## [DATASET EXTRACT]

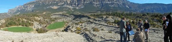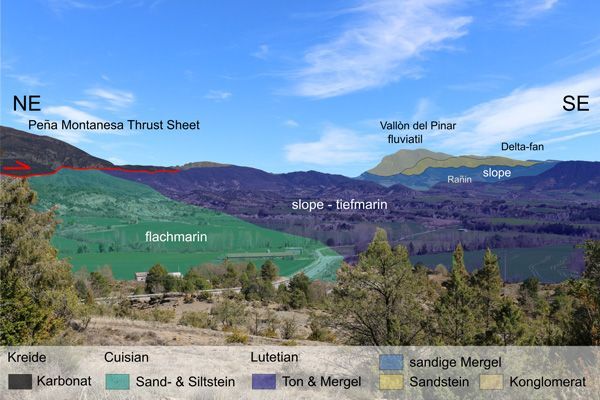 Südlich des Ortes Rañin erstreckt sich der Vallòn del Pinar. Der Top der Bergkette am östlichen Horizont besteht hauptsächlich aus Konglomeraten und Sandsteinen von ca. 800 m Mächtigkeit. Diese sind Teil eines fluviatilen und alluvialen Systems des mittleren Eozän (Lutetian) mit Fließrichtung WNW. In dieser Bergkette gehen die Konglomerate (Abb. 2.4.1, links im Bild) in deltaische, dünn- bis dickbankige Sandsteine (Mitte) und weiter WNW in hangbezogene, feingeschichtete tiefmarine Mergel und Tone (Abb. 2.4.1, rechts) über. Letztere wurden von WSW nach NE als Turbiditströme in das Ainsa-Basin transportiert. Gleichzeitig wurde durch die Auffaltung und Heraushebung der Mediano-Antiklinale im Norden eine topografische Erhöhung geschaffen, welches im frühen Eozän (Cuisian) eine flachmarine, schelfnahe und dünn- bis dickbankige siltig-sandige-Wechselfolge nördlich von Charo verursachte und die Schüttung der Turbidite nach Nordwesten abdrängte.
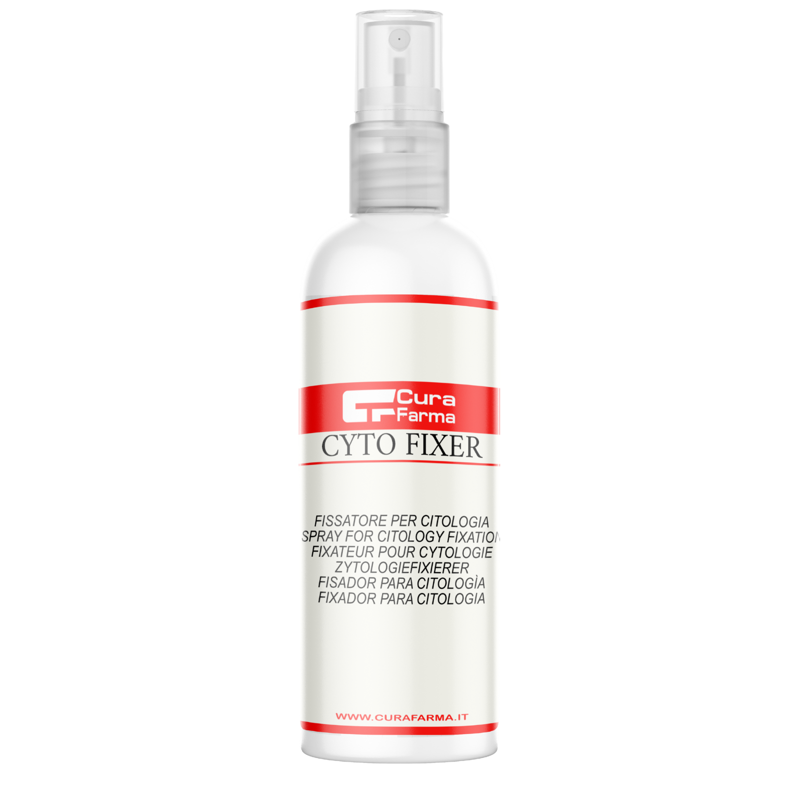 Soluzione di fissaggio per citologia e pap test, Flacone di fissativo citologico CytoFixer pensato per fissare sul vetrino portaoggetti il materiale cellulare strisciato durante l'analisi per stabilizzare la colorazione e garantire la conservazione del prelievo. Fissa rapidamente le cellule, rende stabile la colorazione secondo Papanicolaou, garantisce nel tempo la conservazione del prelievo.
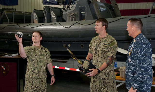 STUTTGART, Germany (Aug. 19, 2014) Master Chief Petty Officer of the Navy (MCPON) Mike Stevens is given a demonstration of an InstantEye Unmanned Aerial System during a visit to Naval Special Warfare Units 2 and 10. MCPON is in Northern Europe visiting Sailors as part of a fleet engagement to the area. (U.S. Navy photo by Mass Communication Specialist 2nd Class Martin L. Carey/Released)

## [TASK DETAILS]
Line by line and exactly, write out the material above. Skip the pictures.

## [SOLUTION]
 Südlich des Ortes Rañin erstreckt sich der Vallòn del Pinar. Der Top der Bergkette am östlichen Horizont besteht hauptsächlich aus Konglomeraten und Sandsteinen von ca. 800 m Mächtigkeit. Diese sind Teil eines fluviatilen und alluvialen Systems des mittleren Eozän (Lutetian) mit Fließrichtung WNW. In dieser Bergkette gehen die Konglomerate (Abb. 2.4.1, links im Bild) in deltaische, dünn- bis dickbankige Sandsteine (Mitte) und weiter WNW in hangbezogene, feingeschichtete tiefmarine Mergel und Tone (Abb. 2.4.1, rechts) über. Letztere wurden von WSW nach NE als Turbiditströme in das Ainsa-Basin transportiert. Gleichzeitig wurde durch die Auffaltung und Heraushebung der Mediano-Antiklinale im Norden eine topografische Erhöhung geschaffen, welches im frühen Eozän (Cuisian) eine flachmarine, schelfnahe und dünn- bis dickbankige siltig-sandige-Wechselfolge nördlich von Charo verursachte und die Schüttung der Turbidite nach Nordwesten abdrängte.
 Soluzione di fissaggio per citologia e pap test, Flacone di fissativo citologico CytoFixer pensato per fissare sul vetrino portaoggetti il materiale cellulare strisciato durante l'analisi per stabilizzare la colorazione e garantire la conservazione del prelievo. Fissa rapidamente le cellule, rende stabile la colorazione secondo Papanicolaou, garantisce nel tempo la conservazione del prelievo.
 STUTTGART, Germany (Aug. 19, 2014) Master Chief Petty Officer of the Navy (MCPON) Mike Stevens is given a demonstration of an InstantEye Unmanned Aerial System during a visit to Naval Special Warfare Units 2 and 10. MCPON is in Northern Europe visiting Sailors as part of a fleet engagement to the area. (U.S. Navy photo by Mass Communication Specialist 2nd Class Martin L. Carey/Released)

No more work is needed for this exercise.